(Extracted data entries)
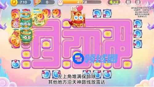 4、之后天神来了再左上角堆满保龄球,其他的按天神的移动路线来放雷达,今天的路中间是放不了炮塔的,所以天神只要贴边走就可以高分,还是有运气的。
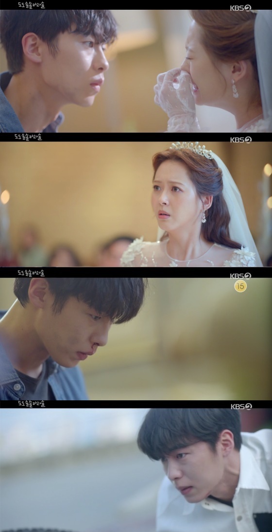 선우준은 코피를 흘렸고, 구라라의 웨딩드레스에도 피가 튀게 됐다. 이에 선우준이 수정액을 이용해 흔적을 지워줬다.
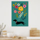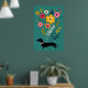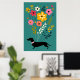 Dachshunds and Flowers Vintage Retro Floral Poster
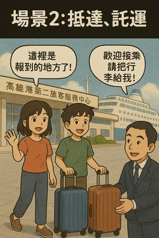 - 對白:櫃檯服務員:「Passport, 護照、船票、信用卡」
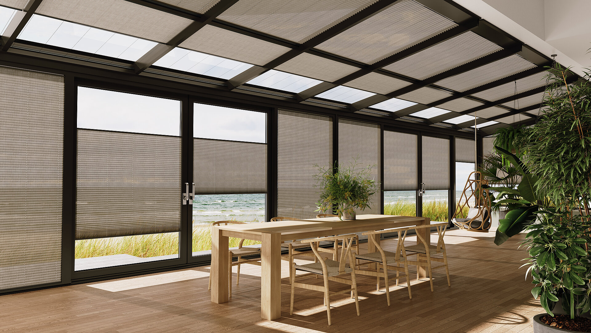 - Verwendung desselben Stoffs an den waagerechten und senkrechten Glasflächen des Wintergartens für eine einheitliche Optik
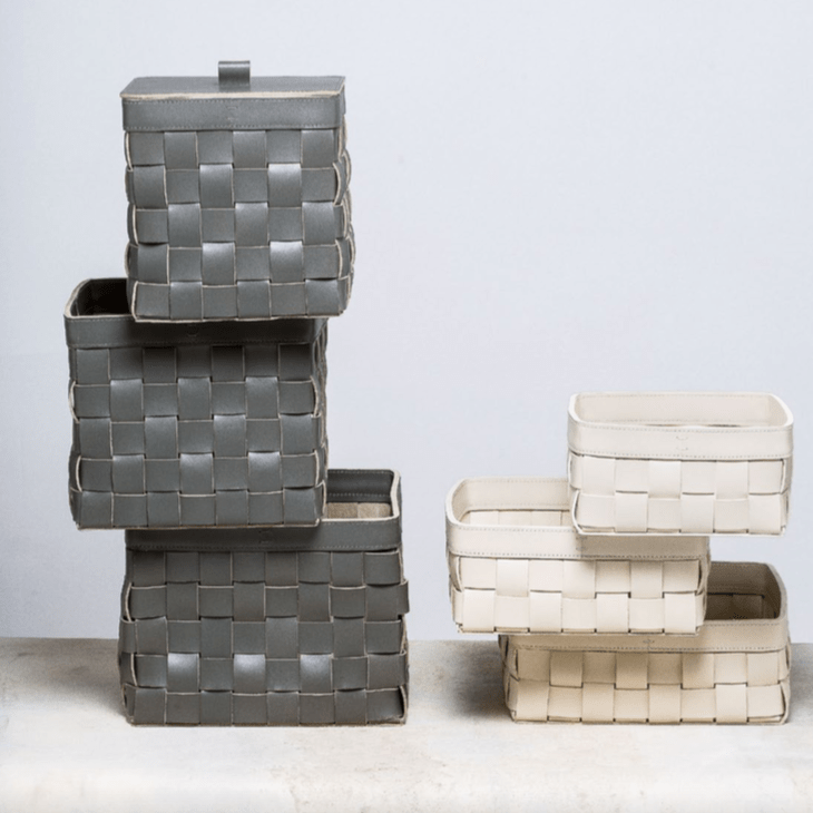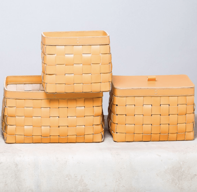 Woven saddle leather baskets.
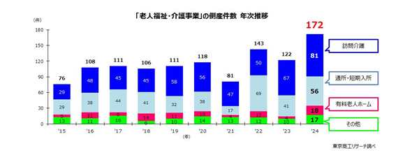 2024年に株式会社東京商工リサーチが行った「老人福祉・介護事業」の倒産調査において、倒産件数が過去最多の172件だったことがわかりました。
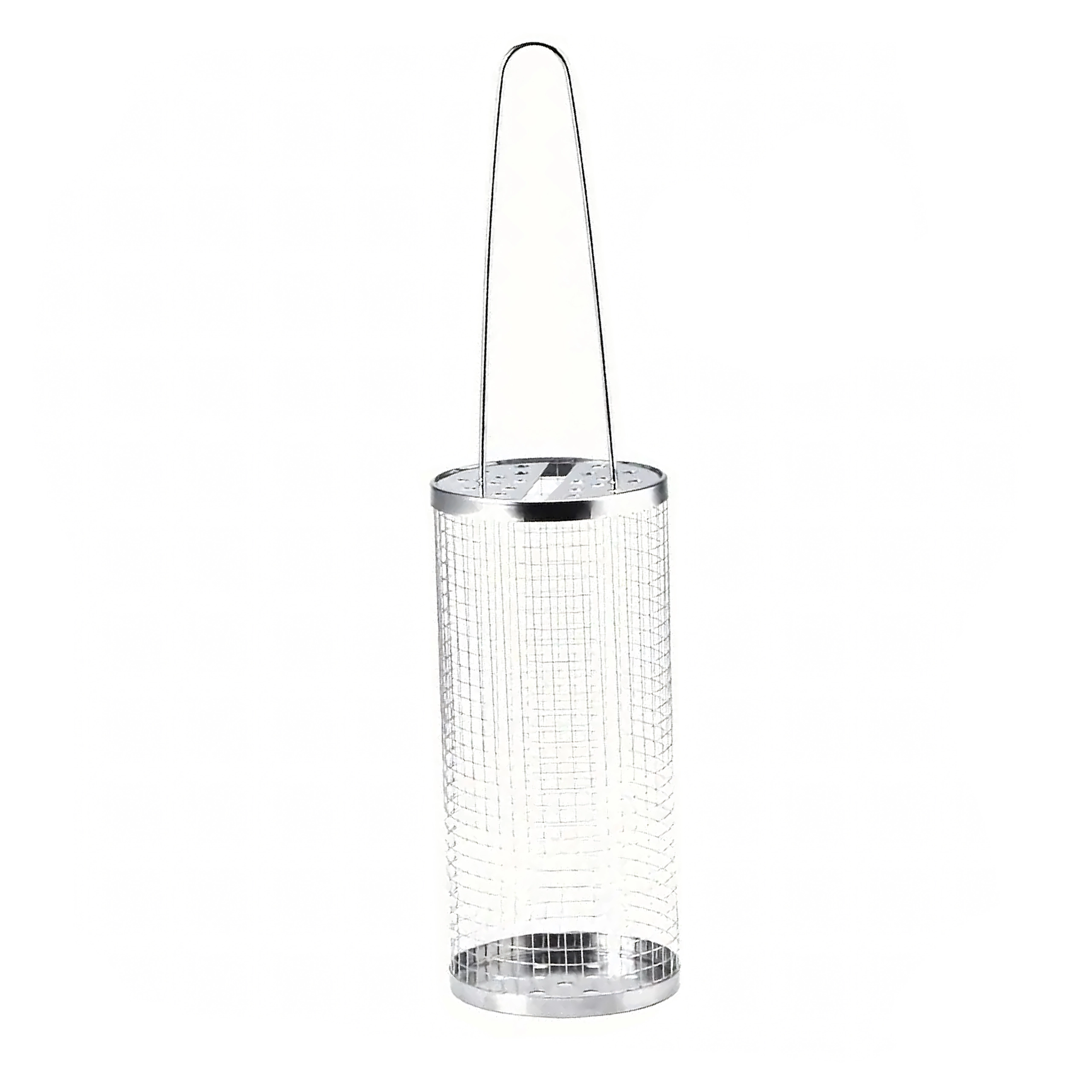 Den cylindriske kurv i rustfrit stålnet er ideel til at grille små råvarer, som ellers ville falde gennem risten. De fine perforeringer slipper varme og røg igennem, så du opnår en sprød overflade og en saftig midte uden rod på grillen. Den roterende udformning gør det let at tilberede jævnt uden at vende hvert enkelt stykke.

• WORK REQUEST: Where a picture appears, skip it and copy the rest of the data word for word.

• WRITTEN SOLUTION:
 4、之后天神来了再左上角堆满保龄球,其他的按天神的移动路线来放雷达,今天的路中间是放不了炮塔的,所以天神只要贴边走就可以高分,还是有运气的。
 선우준은 코피를 흘렸고, 구라라의 웨딩드레스에도 피가 튀게 됐다. 이에 선우준이 수정액을 이용해 흔적을 지워줬다.
 Dachshunds and Flowers Vintage Retro Floral Poster
 - 對白:櫃檯服務員:「Passport, 護照、船票、信用卡」
 - Verwendung desselben Stoffs an den waagerechten und senkrechten Glasflächen des Wintergartens für eine einheitliche Optik
 Woven saddle leather baskets.
 2024年に株式会社東京商工リサーチが行った「老人福祉・介護事業」の倒産調査において、倒産件数が過去最多の172件だったことがわかりました。
 Den cylindriske kurv i rustfrit stålnet er ideel til at grille små råvarer, som ellers ville falde gennem risten. De fine perforeringer slipper varme og røg igennem, så du opnår en sprød overflade og en saftig midte uden rod på grillen. Den roterende udformning gør det let at tilberede jævnt uden at vende hvert enkelt stykke.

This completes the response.